Merry Summer Solstice!

Merry Summer Solstice!
El Sol

Wednesday, February 8, 2012

Three poems for St. Valentine's Day, in a PoMo Way

The Quiet World

In an effort to get people to look
into each other's eyes more,
and also to appease the mutes,
the government has decided
to allot each person exactly one hundred
and sixty-seven words, per day.

When the phone rings, I put it to my ear
without saying hello.
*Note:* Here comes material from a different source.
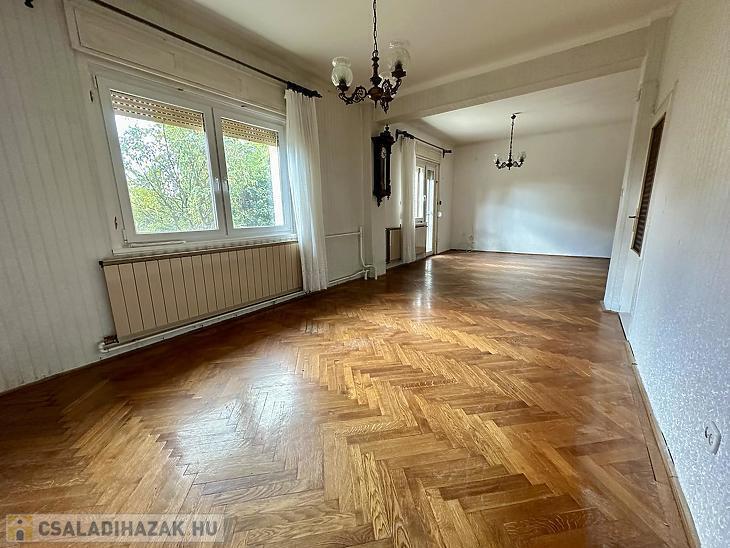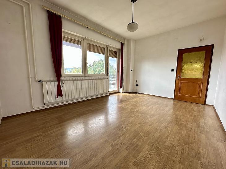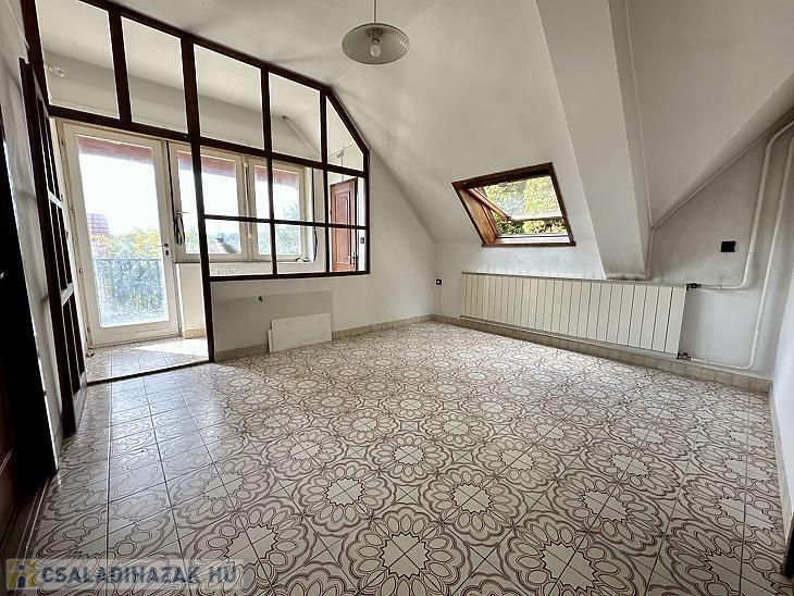 A felső szint szintén külön bejárattal rendelkezik, elosztása: előszoba, nappali, három hálószoba, konyha, fürdőszoba, külön WC, valamint egy erkély. Itt dupla üvegezésű fatokos ablakok találhatók.

In the restaurant
I point at chicken noodle soup.
I am adjusting well to the new way.

Late at night, I call my long distance lover,
proudly say I only used fifty-nine today.
I saved the rest for you.

When she doesn't respond,
I know she's used up all her words,
so I slowly whisper I love you
thirty-two and a third times.
After that, we just sit on the line
and listen to each other breathe.

Jeffrey McDaniel

***********
Commemoration

They made love among the hazel shrubs
beneath the suns of dew,
entangling in their hair
a leafy residue.

Heart of the swallow
have mercy on them.

They knelt down by the lake,
combed out the earth and leaves,
and fish swam to the water's edge
shimmering like stars.

Heart of the swallow
have mercy on them.

The reflections of trees were steaming
off the rippling waves.
O swallow let this memory
forever be engraved.

O swallow, thorn of clouds,
anchor of the air,
Icarus improved,
Assumption in formal wear,

O swallow, the calligrapher,
timeless second hand,
early ornithogothic,
a crossed eye in the sky,

O swallow, pointed silence,
mourning full of joy,
halo over lovers,
have mercy on them.



Wislawa Szymborska
(1923-2012)

translated by Joanna Trzeciak 

***********
Littlefoot, 19, [This is the bird hour]  


19

This is the bird hour, peony blossoms falling bigger than wren hearts
On the cutting border's railroad ties,
Sparrows and other feathery things
Homing from one hedge to the next,
                                                    late May, gnat-floating evening.

Is love stronger than unlove?
                                         Only the unloved know.
And the mockingbird, whose heart is cloned and colorless.

And who's this tiny chirper,
                         lost in the loose leaves of the weeping cherry tree?
His song is not more than three feet off the ground, and singular,
And going nowhere.
Listen. It sounds a lot like you, hermane.
                                                           It sounds like me.